Puxando e arremetendo, deslizou velozmente por mais de vinte passos e, com um único golpe, cortou a árvore ao meio.
Sentiu, enfim, que começava a dominar aspectos práticos: para destruir, era preciso primeiro trancar o alvo.
Os dois aprendizes, boquiabertos, notaram a profunda mudança: antes, Luo Jincheng já atraía vento e nuvens ao dançar com a espada, mas nunca com tamanha fluidez ou velocidade feroz.
De súbito, sentiram o vazio se condensar, o ar rarefeito, a imobilidade, um temor inominável — como se um espírito os oprimisse e todo o céu escurecesse.
A mente dos mortais, dispersa e indefesa, é fácil de ser capturada e suprimida.
A força mental de Luo Jincheng era insuportável para eles.
Uma silhueta caiu do céu, dissipando a pressão; Luo Jincheng pousou ao lado deles.
“Luo Jincheng…” Os dois meninos não se impressionaram com sua façanha.
Deng Ding perguntou: “Já dominaste a técnica da espada?”
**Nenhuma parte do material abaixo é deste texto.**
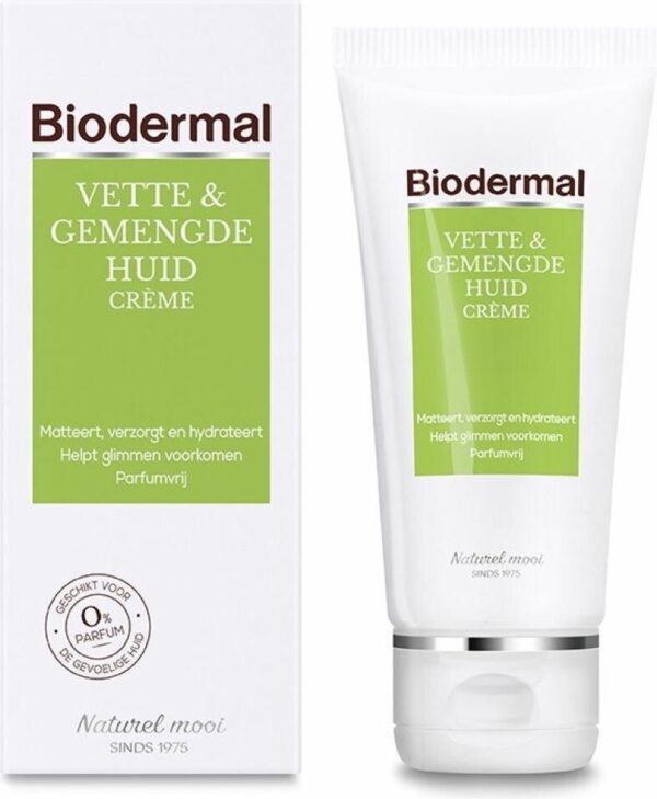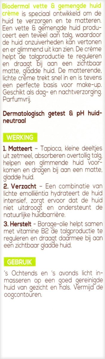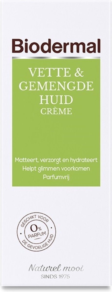 Biodermal Vette en Gemengde Huid crème helpt een glimmende huid te voorkomen en de talgproductie te reguleren. Een vette en gemengde huid maakt teveel talg aan waardoor je last kunt krijgen van puistjes, pukkels en mee-eters. Deze crème helpt de talgproductie te reguleren en draagt bij aan een een zichtbaar mattere en gladdere huid. Speciaal geschikt voor de volgende huidtypen: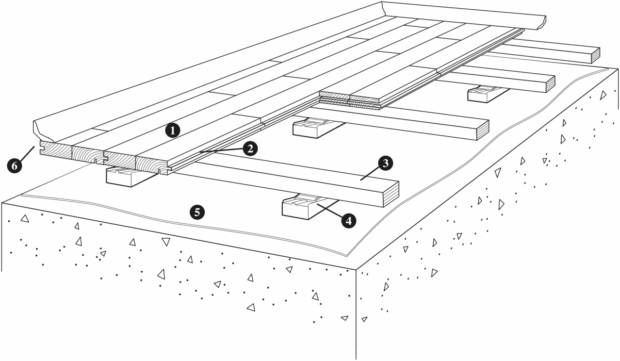 • Lambourdes de 25,5 x 60 x 3600 mm avec patin résilient de 12 mm pré monté dans une rainure à l'envers de la lambourde.

“De certo modo. É apenas o começo”, respondeu Luo Jincheng.
“Tu já começaste, e nós ainda não”, disse Shang Gui’an, com inveja e certa ansiedade no olhar.
Luo Jincheng refletiu e sugeriu: “Perguntem ao abade se posso compartilhar com vocês minhas experiências de prática.”
Ambos se alegraram. O abade havia transmitido-lhes apenas uma técnica, deixando-os para desvendar tudo sozinhos. Ver Luo Jincheng, outrora leigo, alçar-se em poucos dias a ponto de brandir a espada no ar não podia senão despertar-lhes inveja.
“Já é tarde hoje, amanhã perguntem ao abade”, disse Luo Jincheng.
“Está bem”, responderam em uníssono.
Luo Jincheng também se regozijava: sua arte da espada, enfim, tornara-se útil. Apesar das diferenças em relação ao ideal almejado, os dias de prática haviam serenado seu coração.
Domar os desejos é tarefa de toda uma vida para quem trilha o caminho.
Percebeu que apenas pensar não bastava; era preciso praticar, sentir, praticar de novo — só assim, os passos de levitação fundiam-se à espada.
Deitou-se, contemplou a lua cheia, recolheu e refinou a alegria, lembrando-se de como, no dia junto ao mestre Ji, resistira à tentação, sentindo o espírito fortalecer-se. Os pensamentos, como maré, recolhiam-se ao mar interior, e o qi vital ali acumulado tornou-se ainda mais vigoroso.